TASK DIRECTIONS: Leave the pictures aside. Retype exactly the lines from the top of the data below through the one holding "Додавання до дихромату".

PROVIDED RECORDS:
* * * *

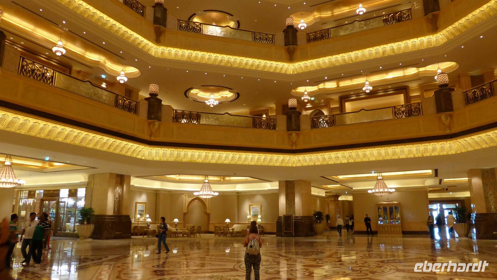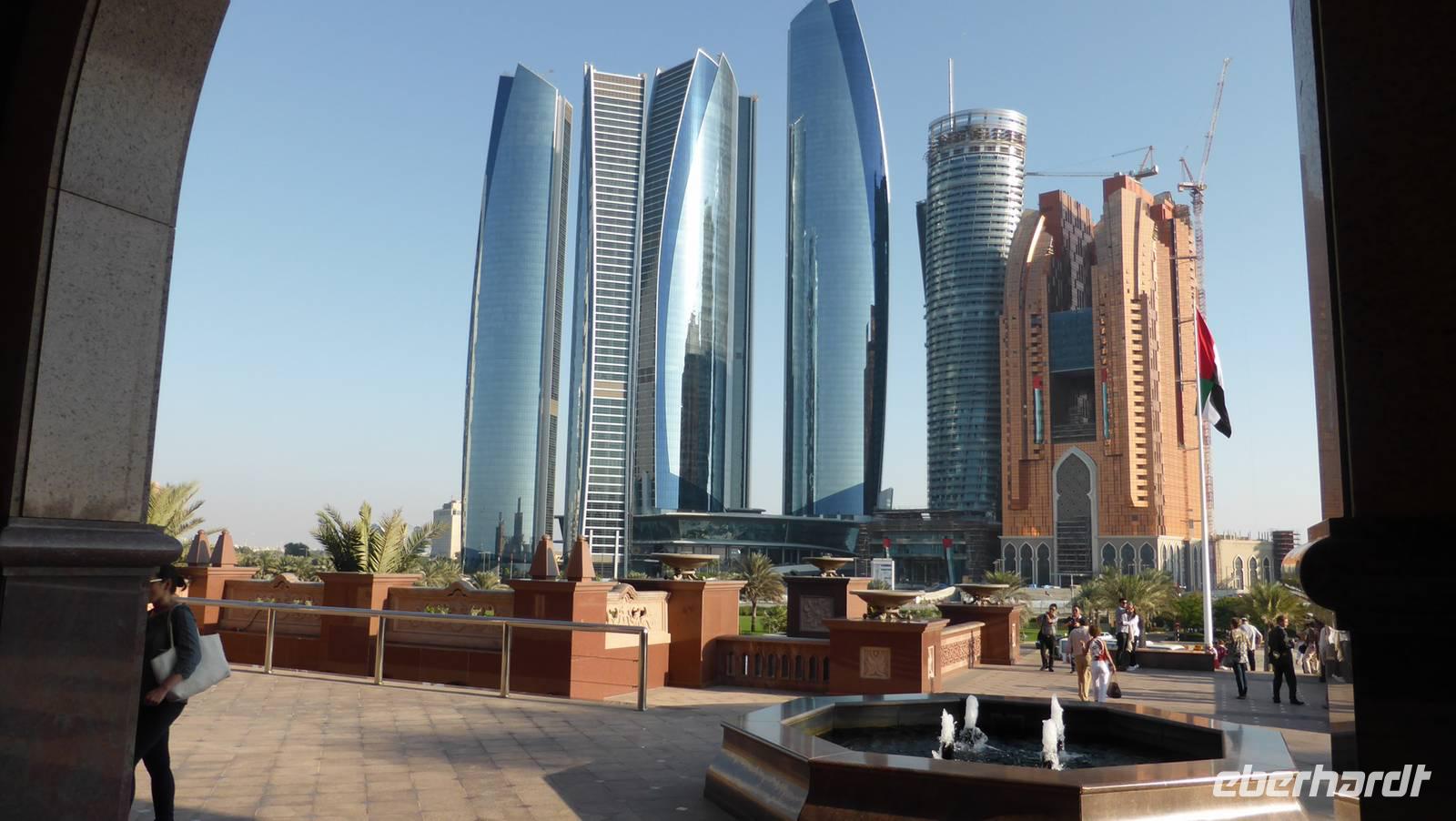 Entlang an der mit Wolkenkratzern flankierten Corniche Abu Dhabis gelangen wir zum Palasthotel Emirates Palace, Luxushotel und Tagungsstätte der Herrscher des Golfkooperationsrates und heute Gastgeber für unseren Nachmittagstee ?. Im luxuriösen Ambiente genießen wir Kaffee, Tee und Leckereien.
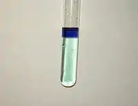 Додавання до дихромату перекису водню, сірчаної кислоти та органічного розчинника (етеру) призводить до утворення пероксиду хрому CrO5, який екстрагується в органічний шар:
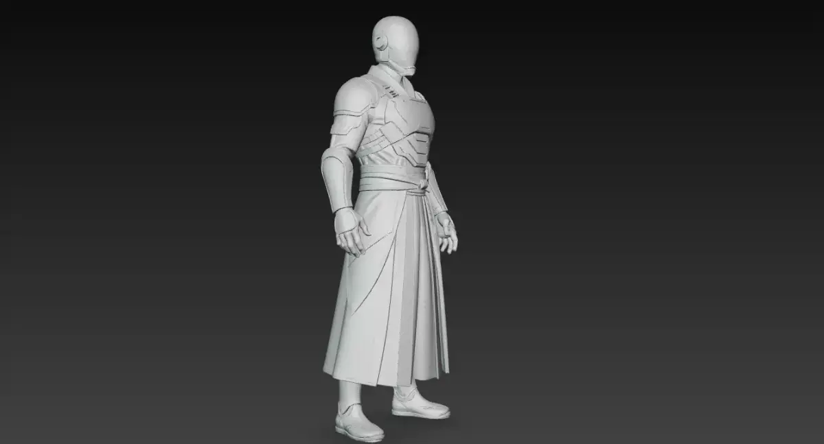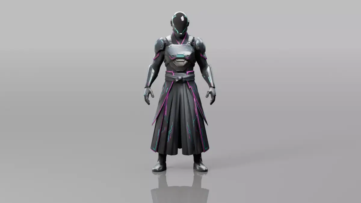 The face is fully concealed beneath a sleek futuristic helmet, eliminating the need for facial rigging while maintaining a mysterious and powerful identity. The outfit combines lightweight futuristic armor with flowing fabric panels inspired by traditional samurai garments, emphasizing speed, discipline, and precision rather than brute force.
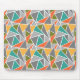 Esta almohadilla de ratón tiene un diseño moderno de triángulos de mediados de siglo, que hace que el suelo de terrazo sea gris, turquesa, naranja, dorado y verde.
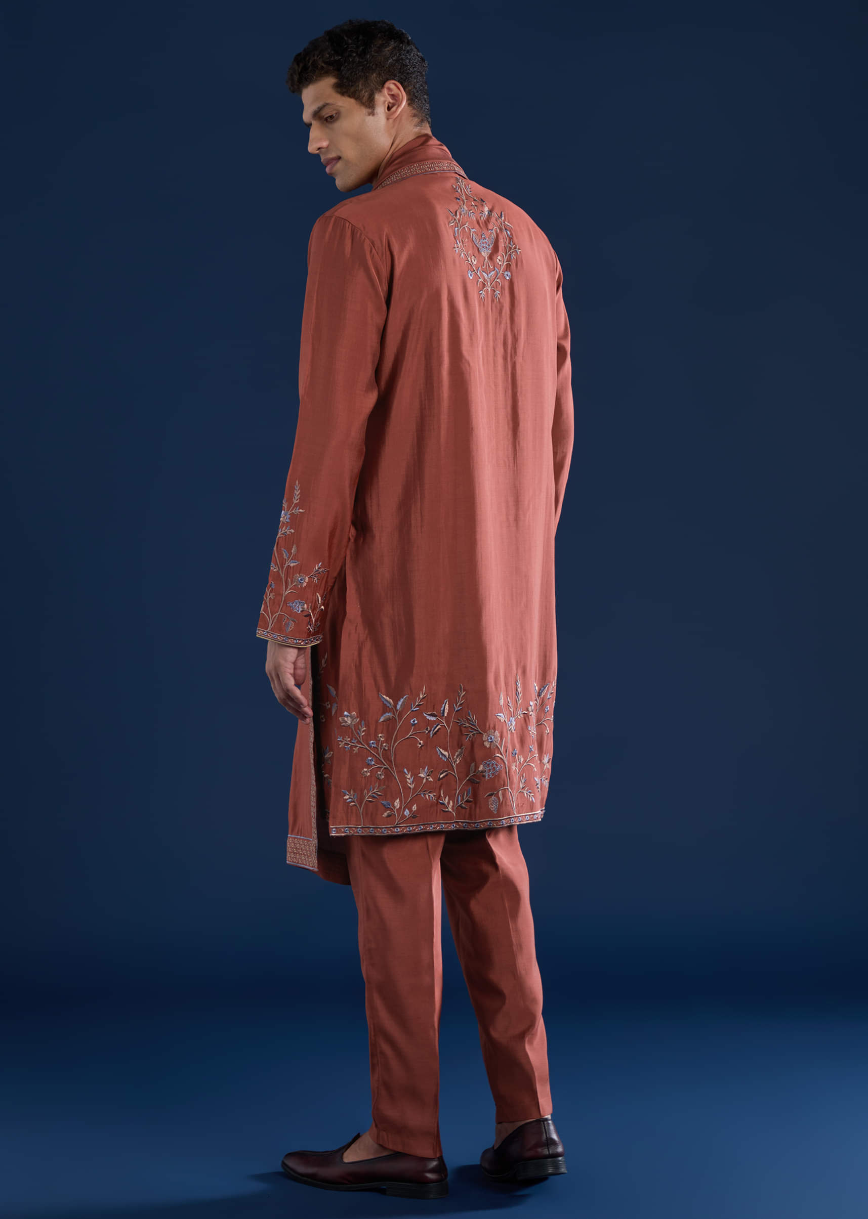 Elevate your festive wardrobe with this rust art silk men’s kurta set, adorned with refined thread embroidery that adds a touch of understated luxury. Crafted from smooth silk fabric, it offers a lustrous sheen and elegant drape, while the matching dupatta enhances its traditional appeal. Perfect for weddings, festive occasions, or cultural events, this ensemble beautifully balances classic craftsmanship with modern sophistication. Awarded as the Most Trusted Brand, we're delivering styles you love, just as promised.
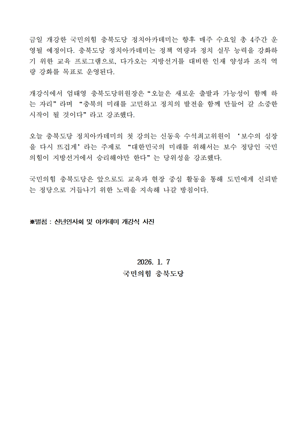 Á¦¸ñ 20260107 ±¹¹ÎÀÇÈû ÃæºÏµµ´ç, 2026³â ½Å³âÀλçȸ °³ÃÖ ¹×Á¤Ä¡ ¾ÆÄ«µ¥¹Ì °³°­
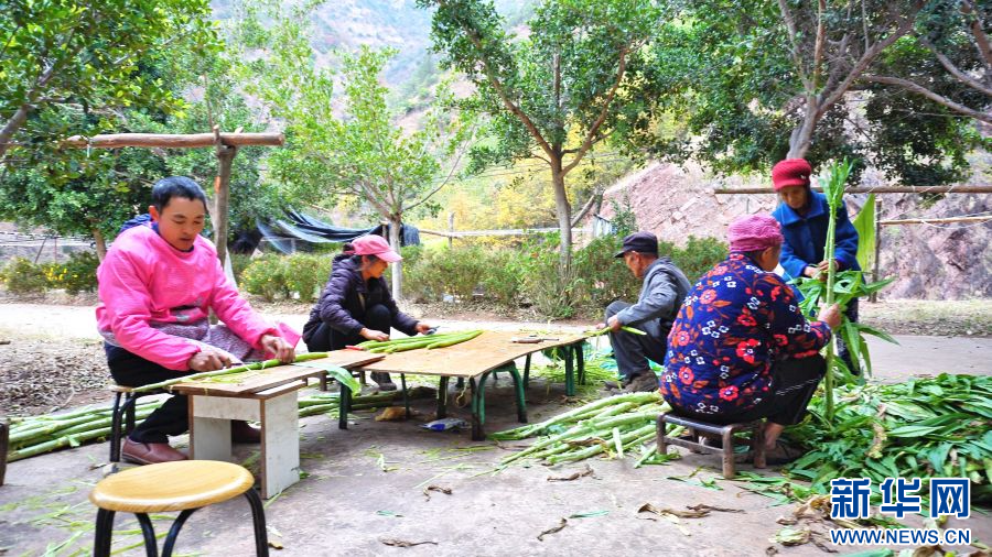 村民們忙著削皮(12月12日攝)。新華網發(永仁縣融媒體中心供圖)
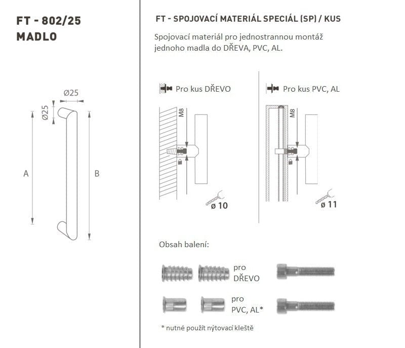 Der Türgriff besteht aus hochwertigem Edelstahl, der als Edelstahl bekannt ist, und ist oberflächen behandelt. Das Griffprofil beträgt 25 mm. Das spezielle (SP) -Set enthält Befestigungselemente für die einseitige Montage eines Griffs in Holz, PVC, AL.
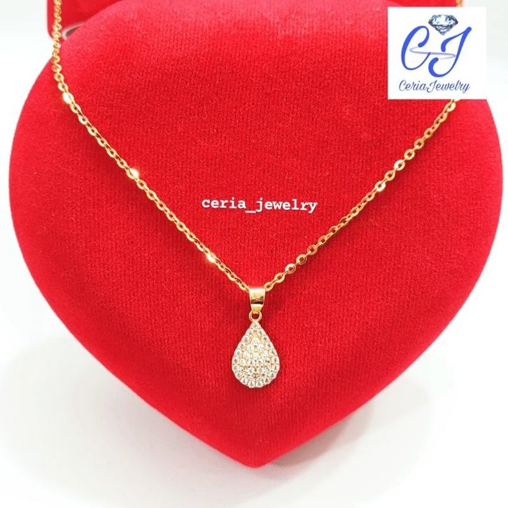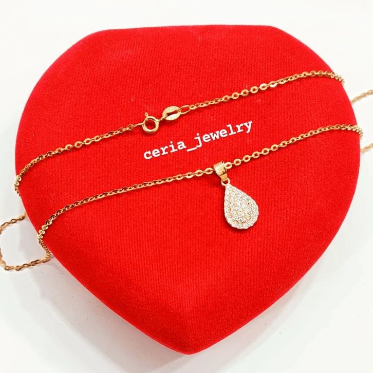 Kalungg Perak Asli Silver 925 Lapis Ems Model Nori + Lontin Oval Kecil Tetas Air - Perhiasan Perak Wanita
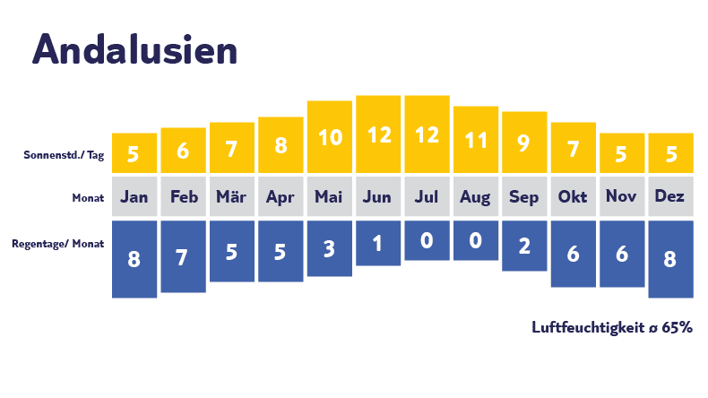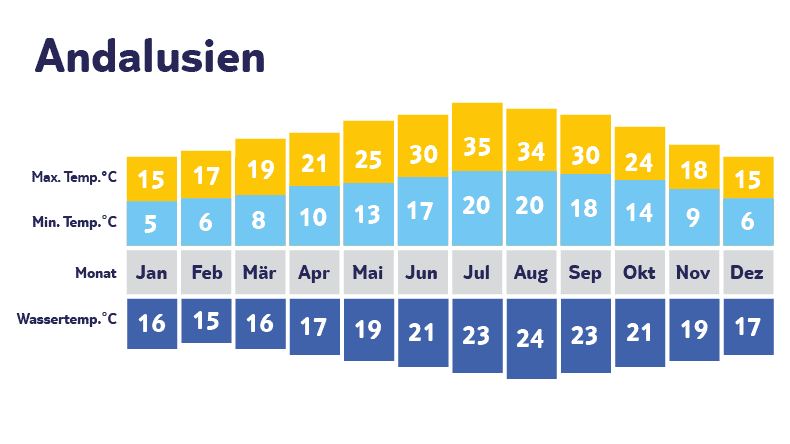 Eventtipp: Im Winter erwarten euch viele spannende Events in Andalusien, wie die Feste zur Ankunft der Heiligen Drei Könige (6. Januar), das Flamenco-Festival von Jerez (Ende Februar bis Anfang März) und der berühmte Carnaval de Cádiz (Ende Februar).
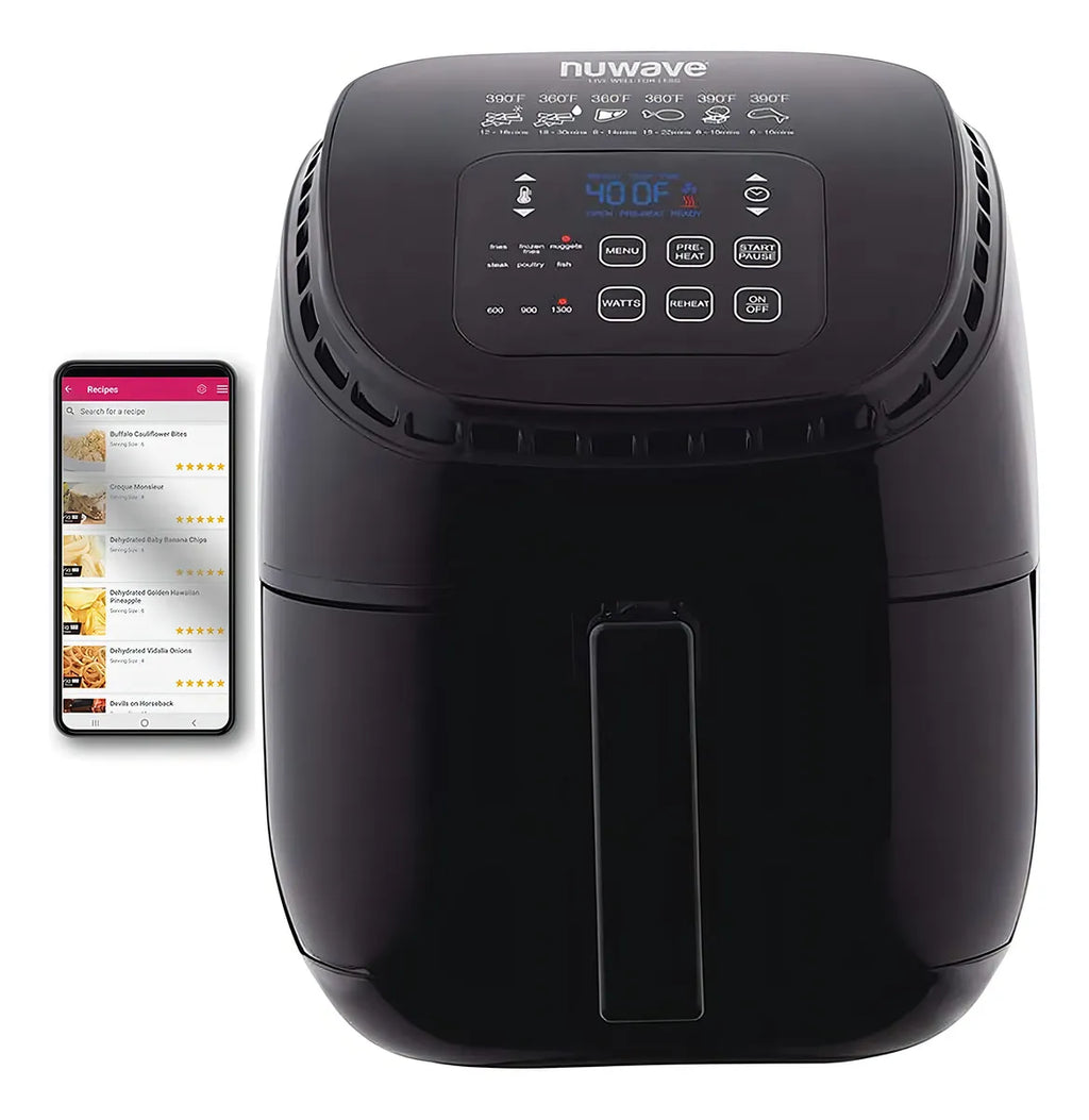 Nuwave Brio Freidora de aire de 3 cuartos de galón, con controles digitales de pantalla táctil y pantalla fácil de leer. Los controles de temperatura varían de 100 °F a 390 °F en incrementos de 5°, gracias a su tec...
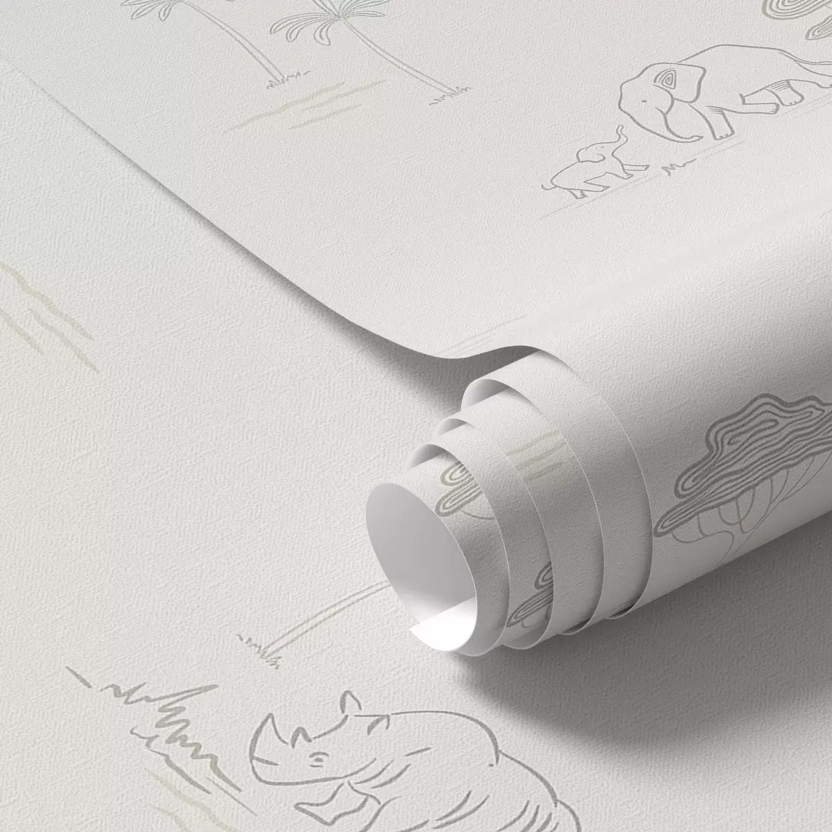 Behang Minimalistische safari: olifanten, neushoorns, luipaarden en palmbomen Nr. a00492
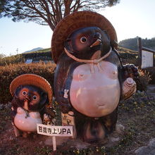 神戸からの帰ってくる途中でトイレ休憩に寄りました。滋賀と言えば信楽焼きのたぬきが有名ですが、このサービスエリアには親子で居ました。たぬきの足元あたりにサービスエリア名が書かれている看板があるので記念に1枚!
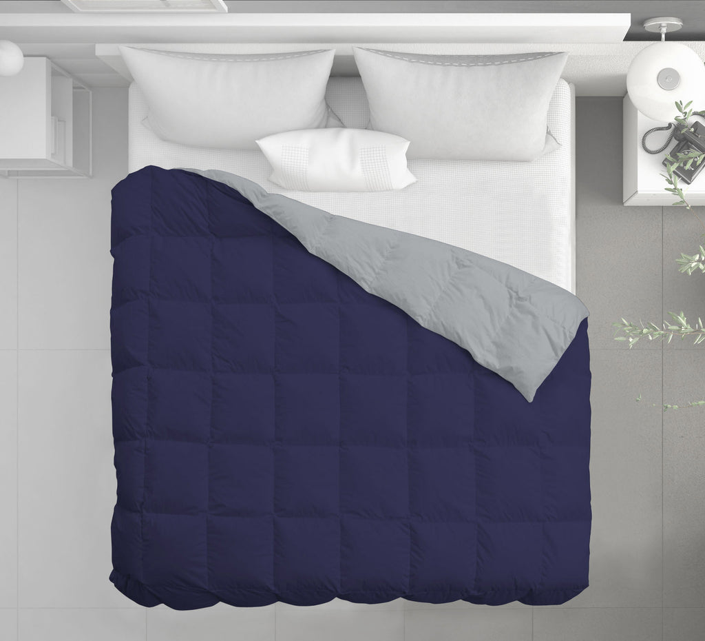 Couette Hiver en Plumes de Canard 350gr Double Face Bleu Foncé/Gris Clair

* * * *

SOLUTION FOR THIS TASK:
 Entlang an der mit Wolkenkratzern flankierten Corniche Abu Dhabis gelangen wir zum Palasthotel Emirates Palace, Luxushotel und Tagungsstätte der Herrscher des Golfkooperationsrates und heute Gastgeber für unseren Nachmittagstee ?. Im luxuriösen Ambiente genießen wir Kaffee, Tee und Leckereien.
 Додавання до дихромату перекису водню, сірчаної кислоти та органічного розчинника (етеру) призводить до утворення пероксиду хрому CrO5, який екстрагується в органічний шар:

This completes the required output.